If you’d like to give this approach to display advertising a try, reach out to DemandJump. We’re happy to help you deliver relevant advertisements without invading anyone’s privacy.
What are internet cookies?
The term cookies refers to lines of code that are placed on your computer by another website. These cookies log information regarding your internet activity for a variety of future uses. This information is often used to provide a positive user experience if you ever revisit a website. But the specific use, and beneficiary, of this cookie data depends on who places the cookie.
What are first-party cookies?
First-party cookies are placed on your computer by the website you are visiting at the time. Similarly, they can only be read by the website creating the cookie - so they are useless to advertisers (see below for more information). As touched on above, first-party cookies help provide a positive user experience to the website visitor, for example, by remembering what you’ve added to your shopping cart when returning to an eCommerce website. They might also help a website tailor content to your interests based on what you’ve looked at on their site in the past.
What are third-party cookies?
Third-party cookies are stored on your computer by websites other than the one you are visiting at the time, and are largely used for advertising purposes. They’re what allow us advertisers to target specific audiences with our ads.
One common use of third-party cookies is for retargeting purposes. In this case, they are placed by an adtech vendor. These third-party cookies are what enable companies to advertise to you with products you recently checked out on their website. They often stay on your browser so that other advertisers can identify your interests and advertise to you with products you might like.

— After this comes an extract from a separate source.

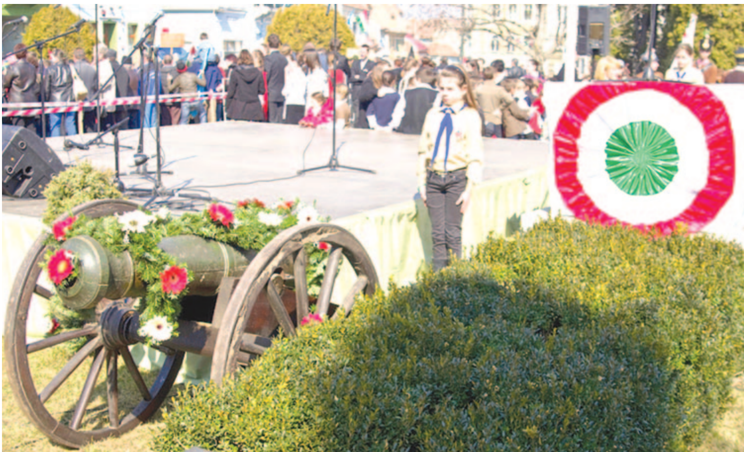
Gábor Áron rézágyúja fel van virágozva – Kézdivásárhelyen

Tehát: nehéz rézágyú. És ránk marad a nehéz márciusi örökség. Éljünk vele emberül! Maradok kiváló tisztelettel. Kelt 2024-ben, március idusán

Another way third-party cookies are stored are by social sharing icons. When you are on a website and want to share the blog you are reading, you are often given the opportunity to do so with a variety of social buttons. This ability is provided by an other tech provider than the website you are on and allows this third-party to remember that you’ve been to this website. They can then sell this information to advertisers wishing to target you and others like you who have been to such websites in the past.